### What is being asked
Every line of the data below is to be duplicated exactly, pictures excepted.

### Dataset extract

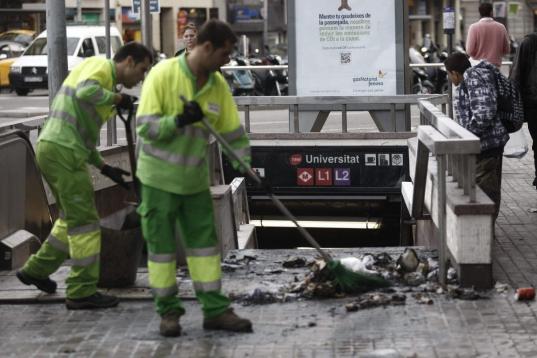 Operarios de limpieza retiran restos de un pequeño incendio en las puertas del metro Universitat, en Barcelona.
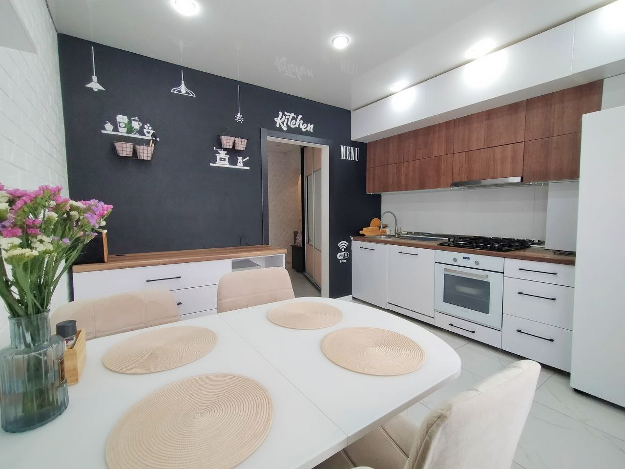 Просторная кухня позволит вам собрать всех друзей и родственников за одним столом.
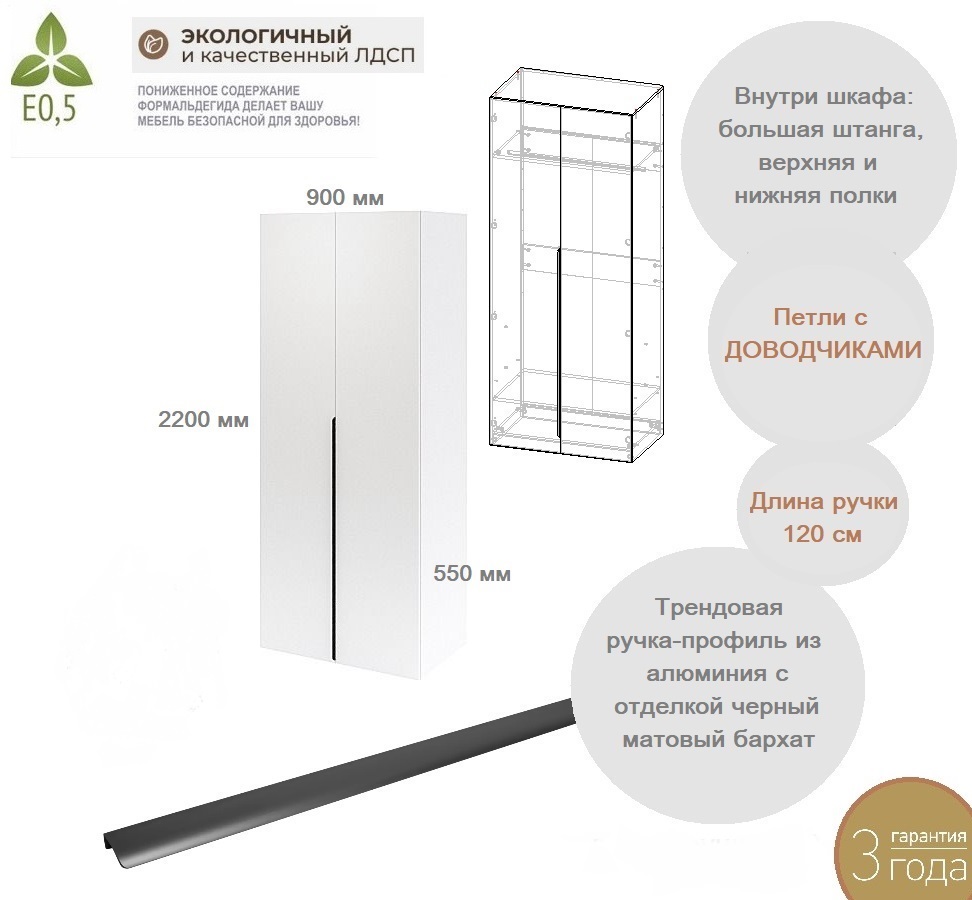 Материал: сертифицированное, качественное, экологически чистое ЛДСП Е0,5 в белом цвете.
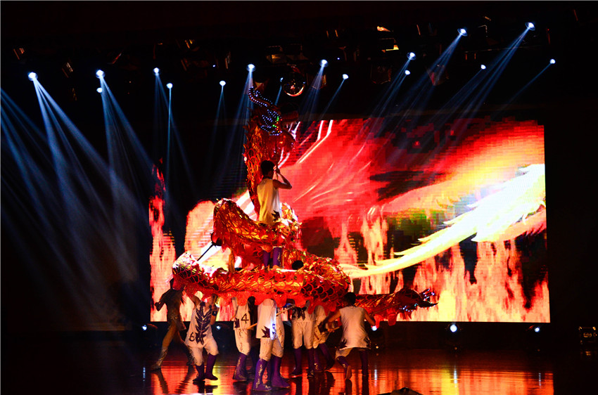 下篇“ 狂欢不眠夜”中,由Dominate电声乐队带来活力四射、激情洋溢的开场曲,给同学们带来了一场音乐盛宴;858街舞社和2016级经统五班选送的《858 popping team+Freaks》,动感十足,活力四射,与音乐完美融合;小品《艺考那些事儿》妙趣横生,将晚会又一次带入高潮;由拉丁舞协会选送的拉丁舞表演《merry》,每一名舞者都展现出她们对拉丁舞的热情,气韵灵动的舞姿展现了独特优雅的个人魅力;2016级新生选送的吉他弹唱《high-fy》,经典老歌唱不停,超强的感染力嗨翻全场;学生会节目《没有票抽不中奖的中干们》引爆全场气氛,对每一位在幕后辛苦筹备晚会的学生会中干表示感谢;晚会在龙狮团精心编排的水鼓表演《水鼓中国龙》中落下帷幕。

### Answer section
 Operarios de limpieza retiran restos de un pequeño incendio en las puertas del metro Universitat, en Barcelona.
 Просторная кухня позволит вам собрать всех друзей и родственников за одним столом.
 Материал: сертифицированное, качественное, экологически чистое ЛДСП Е0,5 в белом цвете.
 下篇“ 狂欢不眠夜”中,由Dominate电声乐队带来活力四射、激情洋溢的开场曲,给同学们带来了一场音乐盛宴;858街舞社和2016级经统五班选送的《858 popping team+Freaks》,动感十足,活力四射,与音乐完美融合;小品《艺考那些事儿》妙趣横生,将晚会又一次带入高潮;由拉丁舞协会选送的拉丁舞表演《merry》,每一名舞者都展现出她们对拉丁舞的热情,气韵灵动的舞姿展现了独特优雅的个人魅力;2016级新生选送的吉他弹唱《high-fy》,经典老歌唱不停,超强的感染力嗨翻全场;学生会节目《没有票抽不中奖的中干们》引爆全场气氛,对每一位在幕后辛苦筹备晚会的学生会中干表示感谢;晚会在龙狮团精心编排的水鼓表演《水鼓中国龙》中落下帷幕。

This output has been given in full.